Previous to the seventies, most likely it “was not talked about.” Certainly it did happen, and the police did catch people for it, but I don’t think that paperwork was submitted. People would be chased out of town for it, maybe murdered silently, but not jailed (speculation.)

Since just the time we’ve started accepting it as something that people can talk about, I’m not sure whether the overall number of cases has risen or shrunk. In general, though, the number is going to be representative principally of stress in society. So overall the last 20 or thirty years, most likely when the economy was down there was more, and when it was up, there was less. We won’t start seeing any radical change in the number of cases until another generation or so. Hopefully the acceptance that it happens and willingness to report it (even about someone in ones own family) will lead to a decrease.

But for it to decrease, you need to reduce the number of children who were molested. That I’ve read, all child molesters were themselves molested as children. So any molestations prevented today, won’t have any effect until twenty years down the line.

I can’t imagine that the number can do anything but shrink.

I’m going with B.

Back in the day, there were simply things that one Did Not Talk About. Being molested was one of them.

However, if you read enough books, fiction or non-you see all kinds of instances of the “town pervert”, that everyone had to watch out for. For example, in the book A Tree Grows in Brooklyn, set in the early 1900s, the protagonist encounters a serial molestor in her neighborhood in about oh, 1913, I think?

I have seen statistics on child abductions by strangers, and although your typical person on the street has the strong impression that the rate has gone way up, the rates have actually decreased significantly. The difference is that when it happens nowadays, anywhere in the country, the whole rest of the country hears about it. This didn’t happen 40 years ago.

An anecdote, if I may be allowed one: some 30 years ago, I reported to a counselor at my school that I was being molested by a man who lived in my house. She advised me to go home and talk to my parents about it. That’s all she did.
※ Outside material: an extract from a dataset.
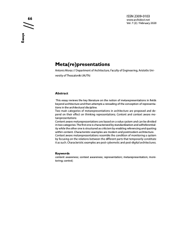 Content aware metarepresentations are based on a value system and can be divided in two categories. The first one is characterized by standardization and selfreferential- ity while the other one is structured as criticism by enabling referencing and quoting within content. Characteristic examples are modern and postmodern architecture. Context aware metarepresentations resemble the condition of monitoring a system by focusing on the relations between the different parts that temporarily constitute it as such. Characteristic examples are post-cybernetic and post-digital architectures.
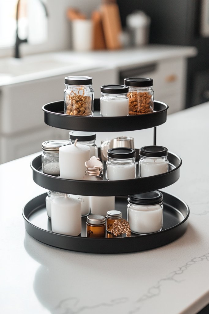 Cluttered counters and shelves can make your kitchen look chaotic and uninviting. A tiered tray offers a stylish way to display small decor items and keep essentials organized. It creates a focal point that combines function and fashion effortlessly. Who said your space can’t be both pretty and practical?

Today, CPS and the police would be called, and I would likely be removed from my home until the situation was settled.

I haven’t seen stats, but that wouldn’t surpise me. The South Park episode “Child Abduction Is Not Funny” would be more or less how I’d expect it to be. Of course, with any episode of South Park there is also a theme of anyone in power being complete idiots, so there winds up being all the children sent out of town because the statistics say that a child is most likely to be abducted by someone in the family.

I would guess fewer just because it gets much more attention today, gets taken more seriously when reported, and kids themselves are coached to report it at the first sign that they are aware.

I am sure that there are new child pedophiles popping up all the time and that won’t change but aggressive pedophiles used to molest up to dozens of victims before they were caught if they ever were at all. The Catholic Church sex scandal centered in Boston had hundreds if not thousands of victims from the 1950’s on. I would like to think things wouldn’t become so rampant today because people would listen to the kids and others would be extremely hesitant to help shelter the molesters.

Child molesters are a huge boogie-man now and kids are trained to fear them as monsters and aggressively seek help. Sex offender registries help build some of the hysteria in good and bad ways.

Of course, these points don’t address molestation by relatives as much. I assume there is still a lot of that type of thing that goes unreported but I assume that kids are at least more informed about that type as well today.

I had a long post written out, but then it was time to go home.

To some extent, child molestation is an element of a moral panic that has been going on since at least the 1980s. It’s morphed from satanic cults to online predators lurking in every chatroom, but it’s the same basic thing. The media help to create an imaginary or nearly-imaginary bogeyman, and the next thing you know, everyone’s a little paranoid over a threat that barely exists.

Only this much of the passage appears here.